I attempted to pack up as much as I could before my holiday. However, I soon discovered I was woefully under prepared. In my mind, it seemed like I didn't have that much stuff - until I started to try to pack it all. Time was running out - I had a party to go to that night. I started haphazardly throwing into a tote bag, without much regard or care to wrap up delicate items.
When I started unpacking, I went through my Snoopy tote bag that had odds and ends in it. My hand reached into the blue bag. I pulled out one of my few Peruvian decor items I kept for myself - a small, black ceramic bird. On the bird's back, the artisan has spelled out Peru from
the base of the bird's neck to the beginning of the bird's tail. It was
the only one I'd seen in my travels that looked like that.
As I pulled out the little bird, I was immediately shocked and crushed to discover that my little bird had broken apart in my frenetic, push and shove move that I had just finished. As I held the two pieces in my hands, I felt very upset that my carelessness had cost my bird its tail.

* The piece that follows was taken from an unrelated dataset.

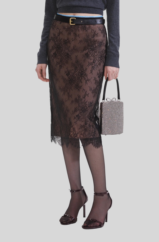 BLACK LACE MIDI SKIRT
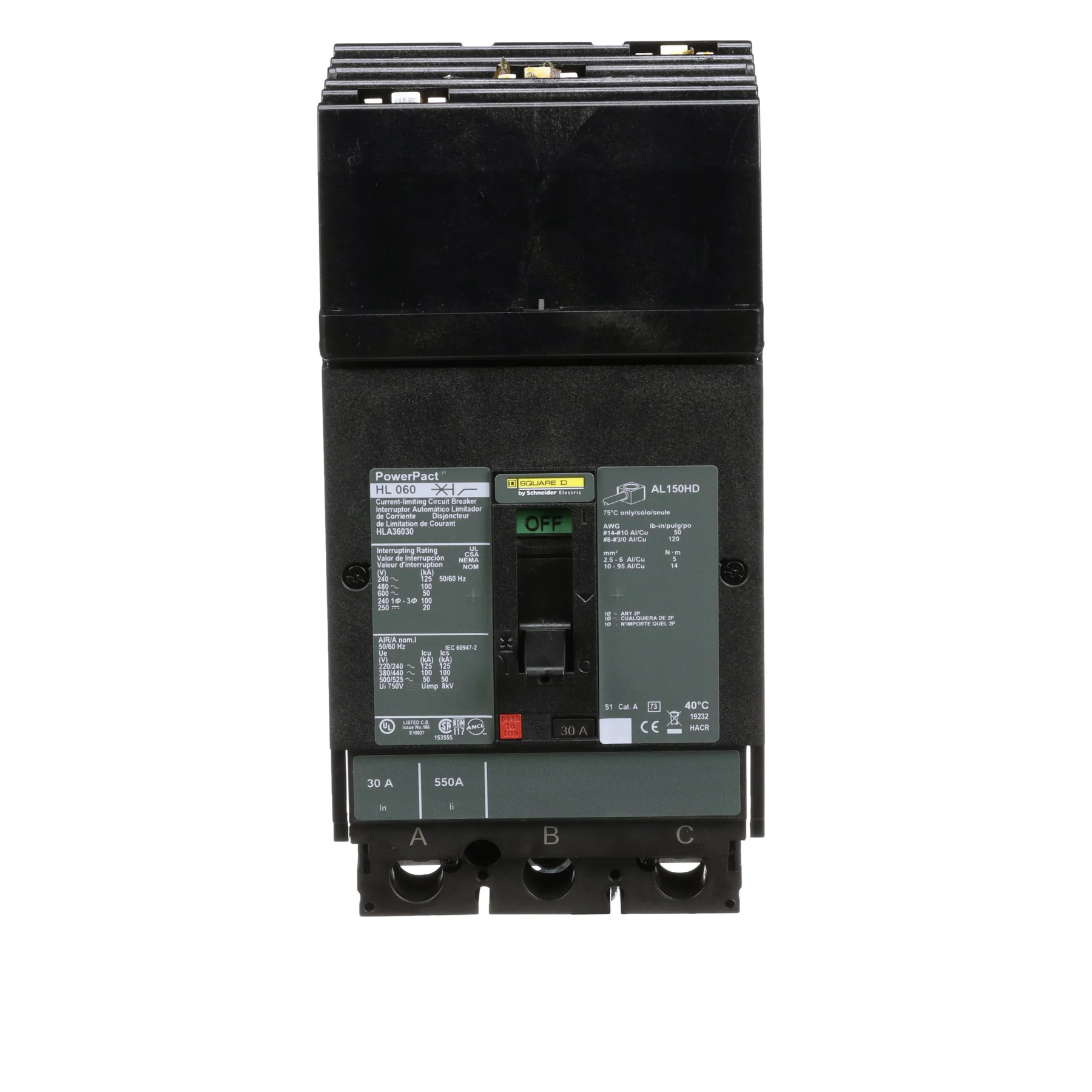 Square D, Powerpact, type HLA, 3PH, 3P, ABC phase connection, 30A, 600V, 100kA@480V, current limiting, i-line style plug-in, UL listed, suitable for reverse fed applications, complete with non-interchangeable trip, LI - Long-Time and Instantaneous trip functions, thermal magnetic, molded case circuit breakers

If only I had taken time to properly care for it, protect it, wrap it up in something
soft, or been more careful with my tote bag, the bird wouldn't have broken.
If I really valued and cared for the
little bird, I would have taken better care of it. Yet, in the stress
of moving, I lost oversight on caring for the little things, and now I
had a little broken bird that I couldn't replace.
When I had some time, I sat down in my hand-me down office chair, and commenced operation to reattach the bird's tail to its body. At first, I thought it would be fast and easy. However, the first attempt failed. The glue wouldn't hold the ceramic pieces together because of the way it had broken. Over and over, I added more glue. Yet, it still wouldn't hold. As soon as I moved the bird, the tail would just fall off again. I had hoped that I would be able to repair the bird without any trace of breakage or cracks, yet it wasn't working.
Finally, I realized I needed to not just add glue, but I needed to hold the pieces together while I applied pressure to the pieces to make a bond. I also discovered I needed to fill in the cracks with glue over the length of the crack, around the whole circumference of the two pieces to fill in the gaps between the two sides. I was careful to apply just enough glue, to try to minimize scaring and surface signs of repair.
After a few times applying pressure, and filling in the cracks, I finally had success. My little broken bird is now in one piece again. I've repaired it; however, the cracks still show. There are extra spots of glue that diminish that once black sheen of paint. My repair work looks rougher than I had hoped. The tell-tale signs of repair work, and scars will always remain.
However, my little broken bird is no longer broken. It has been made whole again. It has been repaired. It is in one piece. It has been rescued from a trash can fate. There wasn't a quick fix like I hoped at the beginning. It took time, pressure, and effort, but my little bird is resting in a nice spot on my desk with its tail intact.
I sat at my folding table desk, and looked at my little once-broken bird. I gingerly picked it up and examined it, and my repair work. Suddenly, a pulsating electric thought raced through my mind and body. I realized why my little once broken bird is so special. It reminds me of myself.